Redux is a state management tool which helps us manage data for our applications. It exists in a strange space between the front and back end of an application which often confuses beginners about its role in an application. To clarify, let’s look at an example use case.

A back end developer has implemented a REST API which opens up the database of the application for use on the front end. An example of the REST API may be the WordPress API, Netlify or Mongo DB. The front end developer will then use Redux to pull this data into the front end of the application. The front end developer will likely utilise a user interface library such as React which they connect to Redux to create an automatically updating User Interface.

Considering redux is just plain JavaScript, it is possible that the backend developer could use Redux to store data in the database but there are much better methods for the back end of the application so I would advise you just think of Redux as a front end library.

It’s also worth noting that Redux isn’t always necessary, whereby if an application has a simple data structure, the React state management, such as the Context API, or just passing it down through props, is often enough.

Having provided some context to where Redux sits in the web development let’s look at it in more detail.

Redux is a surprisingly small library, and at it’s most basic it can be written in 97 lines of code. Take a look at this code written by Dan Abramov, the creator of Redux – Redux Simplified. As you can see there isn’t too much of it. Of course, you aren’t expected to be able to understand it from looking at that, but you should take confidence that the concepts, when boiled down are relatively simple.

Before reading this article, I would advise that you should have a good understanding of JavaScript and also of functional programming. If you don’t understand functional programming, I would recommend reading my two-part series on it – Functional Programming Part 1. Redux is based on the concepts of functional programming and it will help you follow along. Having got that out the way, let’s dive into Redux!

Put simply, Redux is a JavaScript library, which manages the state (aka data) of our application. It is a library that has evolved over years of research into how best to manage large, complicated state. It allows us to add, edit and remove state in a logical, scalable and secure way. Within this library, there are a few key concepts we should understand.

  • Store
  • State
  • Action Creators
  • Reducers 

Before explaining each of them, read the below metaphor which I use to understand what is happening. As you work through the list, it will help build an image in your mind of what is going on.

Imagine you have a large amount of money and want to deposit it in your bank. You have a briefcase which has £100,000 in cash and a slip of paper in it that says, “Deposit this money”. You go into the bank and give the teller at the desk the briefcase. The teller opens the briefcase, read’s slip of paper and picks up the cash. They then walk to the bank vault and store your money inside. The bank teller returns to update you that your money had been stored. Having completed everything, you leave the bank!
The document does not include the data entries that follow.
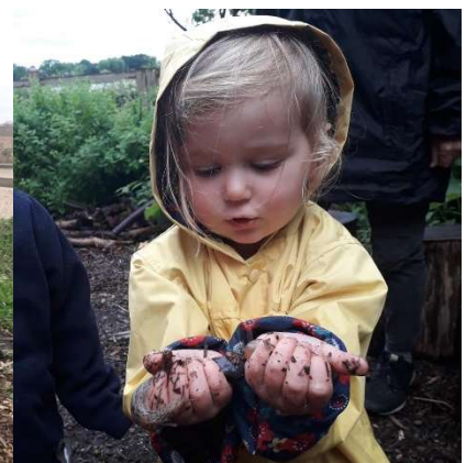
Up close with nature
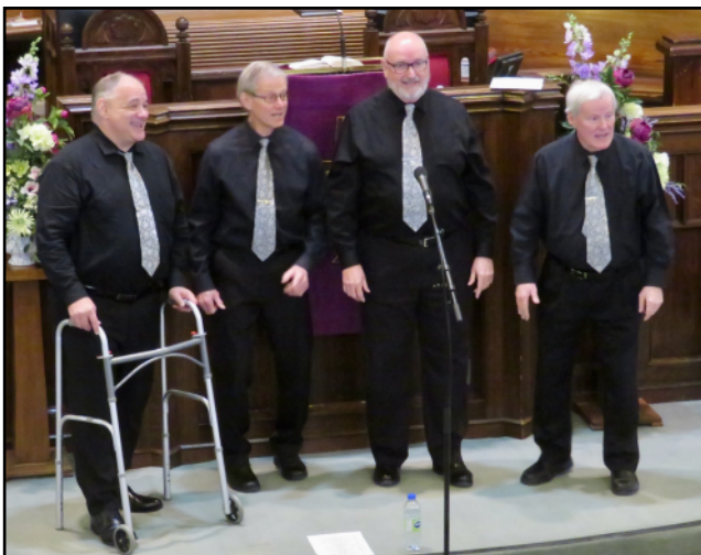
Oakridge Four Barbershop Quartet - March 18, 2026
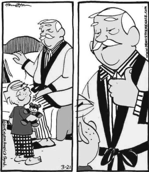
“DO YOU COUNT SHEEP TO GET TO SLEEP, GRAMPA?” “NOPE....I TALK TO THE SHEPHERD.”

WHEN THE BILL COLLECTOR CALLS We live in a society of indebtedness. In 2024, the average household debt was well over $100k. Our nation’s debt has climbed into the trillions of dollars. Being in debt seems to be an inescapable part of life for most of us. If not for getting a loan, most of us would have never been able to purchase a vehicle or a house. When it comes to our spiritual lives and service to God, how does the Lord feel about our indebtedness?

Now we have that image in mind, let’s walk through each of the above and see if you can make a connection between it and each of the concepts.

Store

The place where we ‘store’ all of our application’s data (aka state). It provides a ‘single source of truth’ of our application’s data. It is stored in a single JavaScript object. Pretty simple right? It’s worth noting that this would then be stored in a database, e.g.

State

State is our application’s data. It’s all the information we include in our application, e.g. users, emails, names, books, book titles, authors etc. Also pretty simple!

Action creators

Things start to become ever so slightly more nuanced here. When learning about redux you will often learn about just ‘actions’ and not ‘action creators’.  In my opinion, this abstraction doesn’t reflect the internals of Redux and ends up confusing beginners. As such, I have jumped straight to explaining ‘action creators’. An ‘action creator’ function returns an object (the action). The action has two properties, the type (aka the name of the action aka ADD_TODO) and the data (aka the new state aka ‘Go to the shops’). If needed, we pass our new state, into our action creator function, often referred to as the payload.  Let’s introduce our first bit of code as I feel it will help clarify things. In this instance, the type is ADD_TODO and the payload will be the todo text. You will then notice to call our action we dispatch it to the store. Our store listens out for these dispatches and forwards them to our reducer. Our reducer is what will handle the logic of our application.

// Our action creator. We can see it is returning an object which has two values, the type and the data.

function addTodo(text) {
  return {
    type: ADD_TODO,
    text
  }
}

// Dispatch is a redux function.
dispatch(addTodo('Buy some eggs'))

// It's worth noting that you can pass an action directly into dispatch e.g. the below but the above pattern is more applicable in real world applications.

Reducers

Reducers specify how the applications state changes in response to our action we have sent. Every time an action is dispatched, it runs through our reducer function which tests the type of action, and then and then runs the relevant code. Redux requires reducers should be pure functions. This was covered in my functional programming series mentioned above but essentially means they should not edit the existing state, they instead should  return a new state with the new changes. This is commonly achieved using the JavaScript spread operator. This rule of enforcing immutability is part of what makes Redux so useful, in that it provides tools such as easy undo / redo, time travelling to find old versions of your applications and more.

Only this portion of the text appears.